● Recorded data

━━━

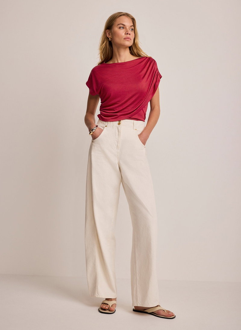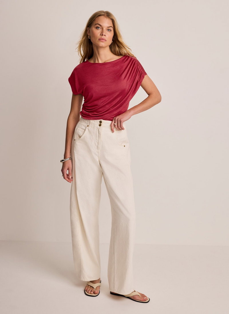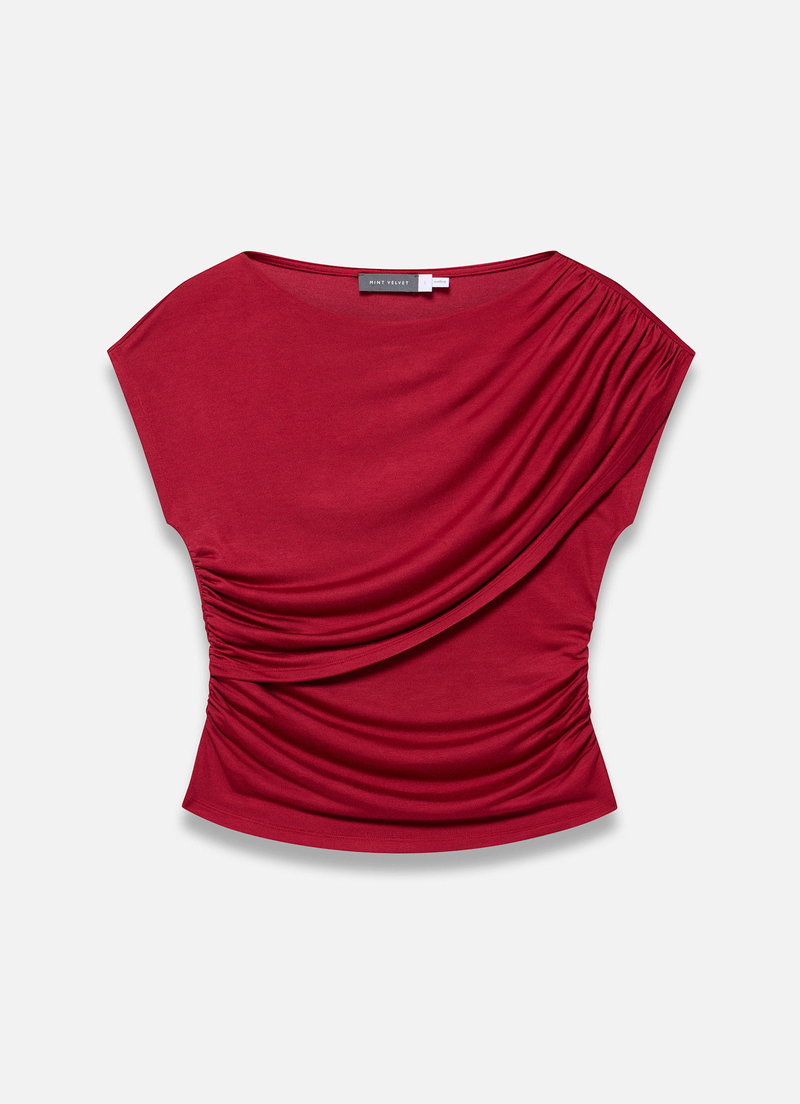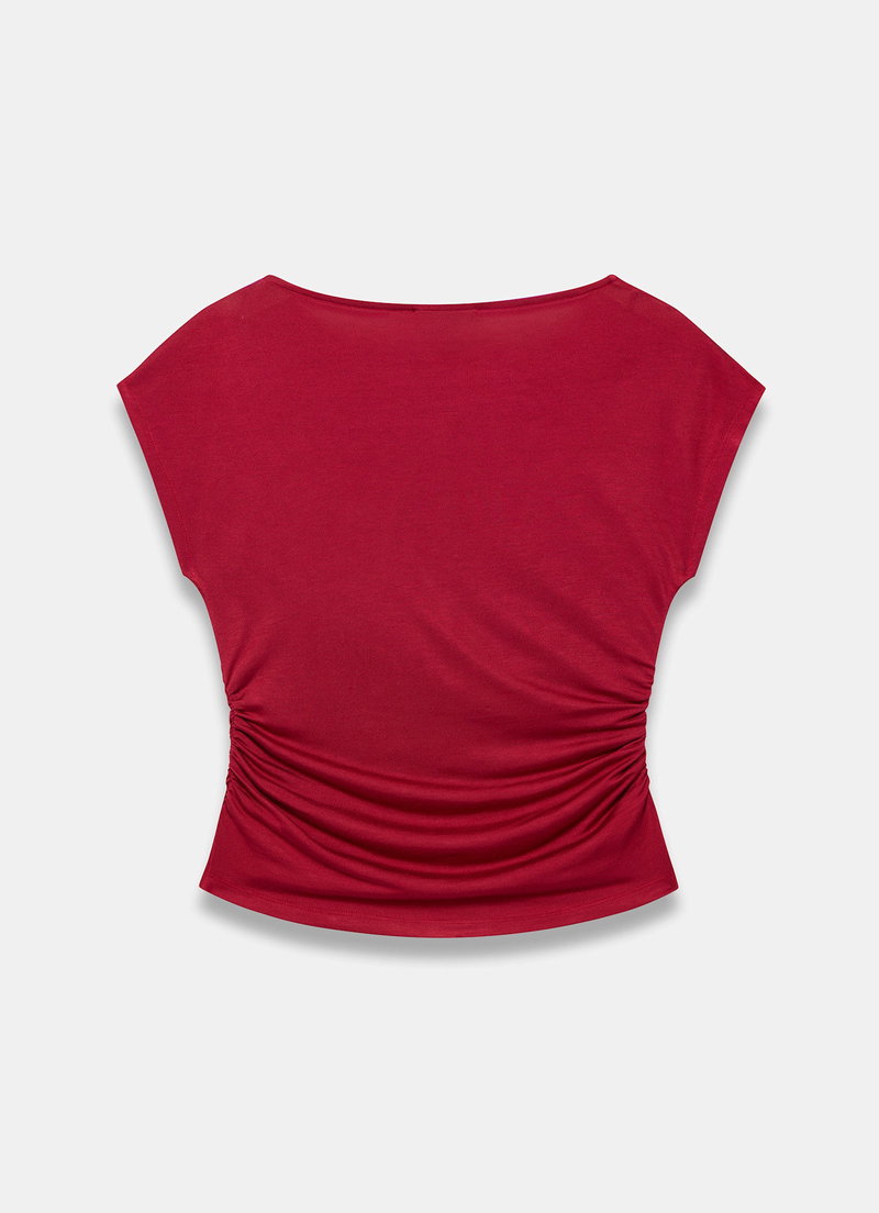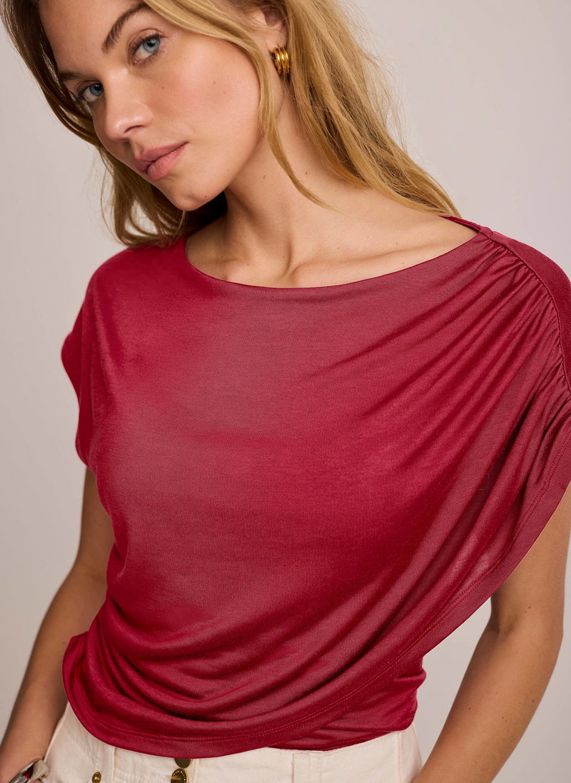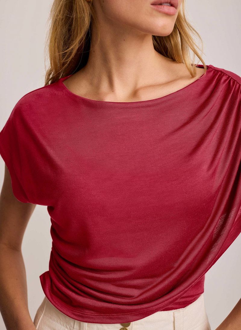 Red ruched top featuring a slash neckline, short sleeves and draped detailing.
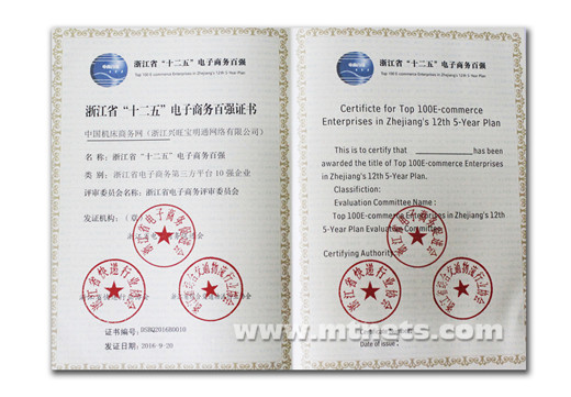 浙江省電子商務(wù)第三方平臺(tái)10強(qiáng)企業(yè)證書
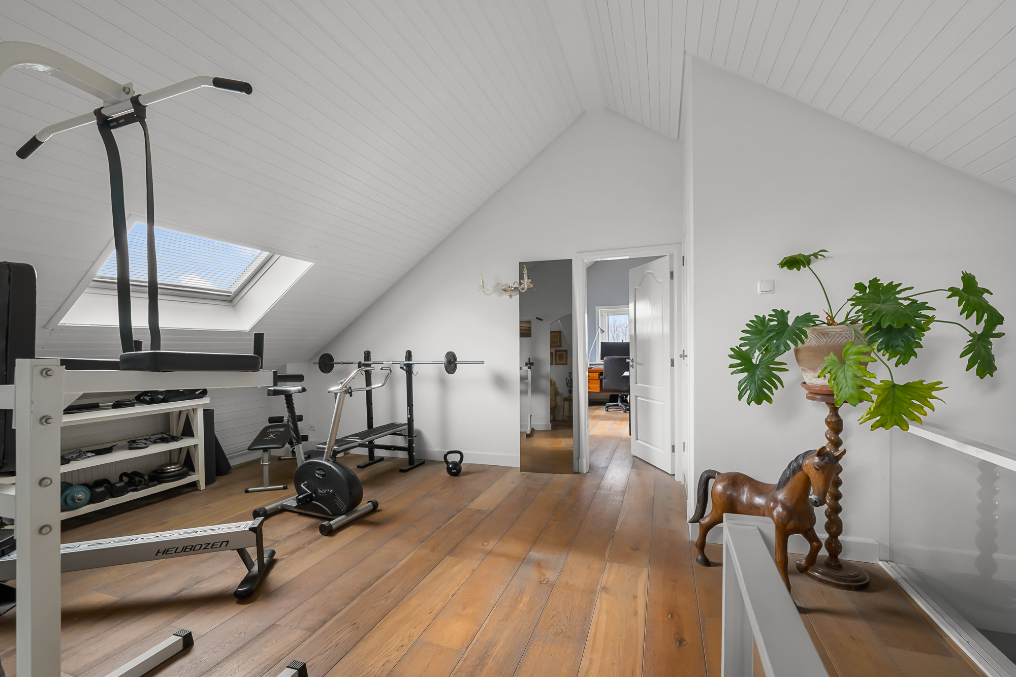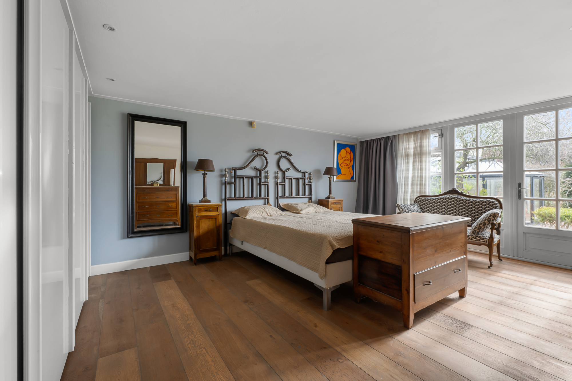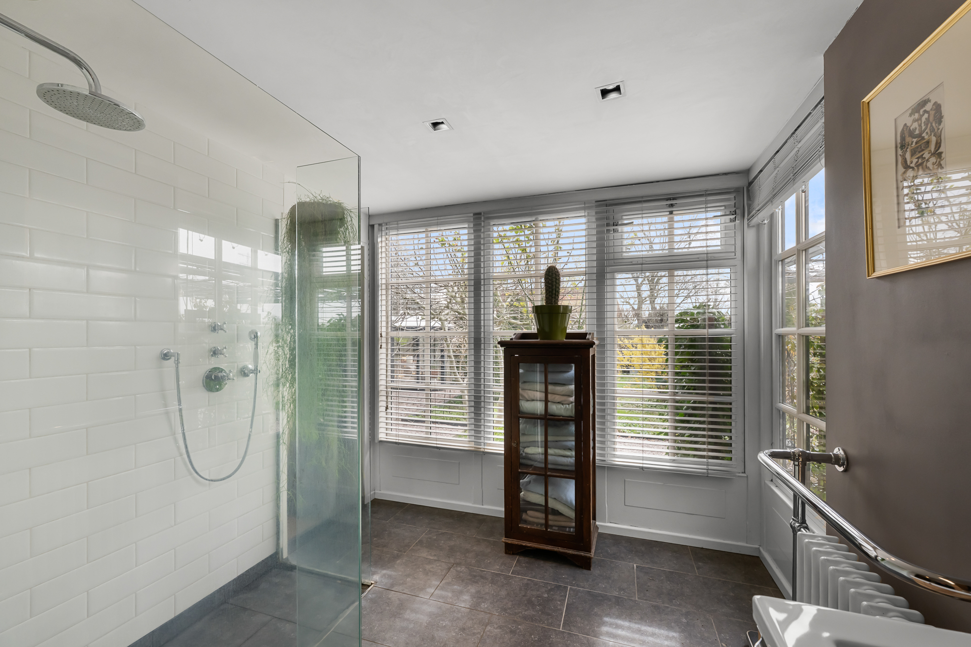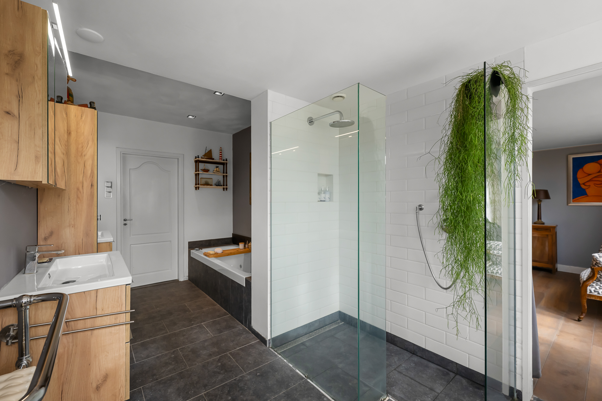 Op de begane grond vind je daarnaast een slaapkamer en een complete badkamer met inloopdouche, ligbad en dubbele wastafel. Dit maakt de woning uitermate geschikt als levensloopbestendige woning. Tegelijkertijd is deze ruimte ook perfect te gebruiken als gastenverblijf of bijvoorbeeld een kantoor aan huis.

━━━

● Task details
What you give back should be the full material above, retyped exactly, with every image removed.

● Written response
 Red ruched top featuring a slash neckline, short sleeves and draped detailing.
 浙江省電子商務(wù)第三方平臺(tái)10強(qiáng)企業(yè)證書
 Op de begane grond vind je daarnaast een slaapkamer en een complete badkamer met inloopdouche, ligbad en dubbele wastafel. Dit maakt de woning uitermate geschikt als levensloopbestendige woning. Tegelijkertijd is deze ruimte ook perfect te gebruiken als gastenverblijf of bijvoorbeeld een kantoor aan huis.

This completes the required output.